National Grid plc (NG) advanced 1.5% on the day as ongoing technical strength and rising momentum propelled the stock higher. The move is supported by its position above all major moving averages and strong buying pressure, reinforcing the underlying upward bias.
Highlights
- National Grid maintains an upward trend, trading above key moving averages with technical alignment supporting continued strength.
- Momentum indicators remain mixed and predominantly neutral, signaling weak trend conviction and mild intraday seller pressure.
- Price is expected to range between GBX1,223 and GBX1,275 over five days, with downside risk exceeding 80% unless resistance at GBX1,252 is broken.
Bullish trend confirmed as moving averages align amid mixed momentum
National Grid is trading above its 20-day, 50-day, and 200-day moving averages (GBX1,222, GBX1,243, GBX1,215 respectively), indicating ongoing strength in the short, medium, and long-term trends. The bullish alignment of the 50-day versus the 200-day average and support from the Ichimoku Kijun at GBX1,221 confirm a prevailing upward bias.
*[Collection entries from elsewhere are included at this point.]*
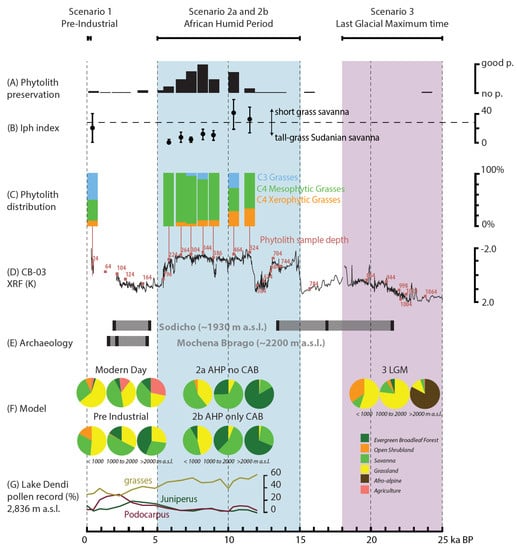 Proxy time series and model results: (A) Phytolith preservation. (B) Iph index. (C) Phytolith type distribution. (D) Potassium proxy record of CB-03 [33]. (E) Archaeological record with dated (confirmed) occupation (black) [59,60,64] and presumed occupation (grey). (F) Orographic strata model results with LC. (G) Lake Dendi pollen record summary [16].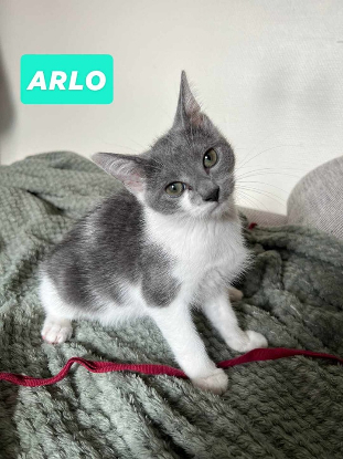 Arlo est un beau chaton aux couleurs gris et blanc. Il est très joueur et peut passer des heures à chasser la souris, en peluche bien sûr, car il vit en appartement depuis sa naissance.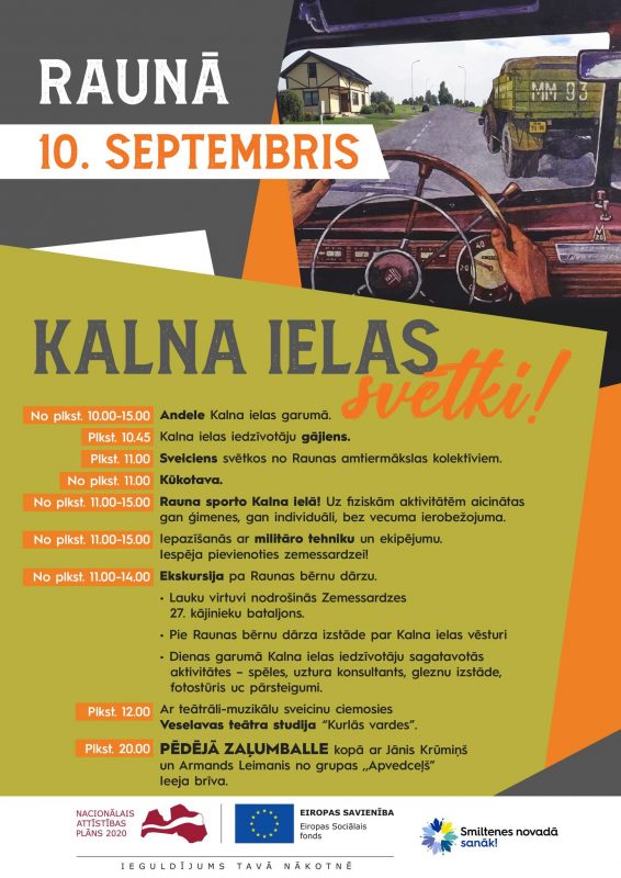 Rauna sporto Kalna ielā! Būs iespēja sportot gan individuāli, gan kopā ar ģimeni. Ar skečiem no dažādām teātra izrādēm un muzikāliem priekšnesumiem ciemosies Veselavas teātra studija ,,Kurlās vardes”. Būs iespēja doties ekskursijā pa Raunas bērnu dārzu. Pie Raunas bērnu dārza būs skatāma izstāde par Kalna ielas vēsturi un notikumiem.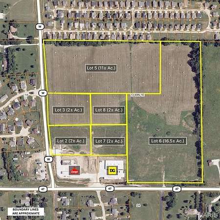 Prime 2.3+/- Acre Site in High-Growth Lincoln County! Ready-to-Develop--The Perfect Canvas for Your New Commercial, Retail, or Multi-Family Development. Your search for a shovel-ready development site ends here. This commercial parcel is perfectly positioned in a rapidly growing area of Lincoln County, offering good access and visibility. Surrounded by over 5,000 existing homes within the Troy School District, the site guarantees immediate demand for your project. All utilities are available, significantly streamlining your construction timeline. The site is part of a successful 41+/- acre development anchored by national names like Casey's General Store and Dollar General. Access to this lot will be from a new street planned off Hwy W. It's ideal for developers targeting the thousands of families in the surrounding area. Priced at $100,000 per acre, this is the prime setting to expand your footprint in Lincoln County. Sale will be based on actual survey and acres; you have the flexibility to increase the size of this lot with additional acreage available.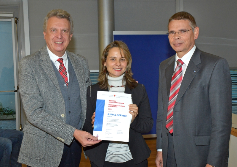 Preis für Arbeitsintegration 2013 geht an Aspiag Service GmbH, Bozen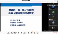 课题四负责人清华大学朱荣教授汇报了“基于电子皮肤的机器人碰撞检测技术研究”的具体进展,本课题设计了一种基于分布式力传感器与弹性材料结合的碰撞检测电子皮肤,建立了分布式力传感器的参数设计和性能调控方法、弹性材料的杨氏模量调控方法,制定了碰撞检测电子皮肤的工艺制备流程,搭建了机械臂本体感知系统,实现了电子皮肤触觉信号采集;提出了交互危险指数,初步开展了基于ROS环境下的机械臂运动控制程序开发。

Near-term resistance stands at GBX1,252, with support at GBX1,243. Momentum signals remain mixed: the MACD and ADX are neutral, while both RSI at 48.49 and Stochastic RSI at 50.46 indicate neither overbought nor oversold conditions but show a mild sell bias. The CCI is neutral. Intraday, Bull/Bear Power at 21.21 signals dominant buyer strength, accompanied by an overbought warning.
Earlier, analysts noted that National Grid was experiencing a period of sideways trading as mixed technical signals limited directional conviction. The latest momentum shift, marked by a bullish alignment across major moving averages and overbought warnings, signals that traders should watch for an imminent volatility spike if either the GBX1,252 resistance or GBX1,243 support is decisively breached.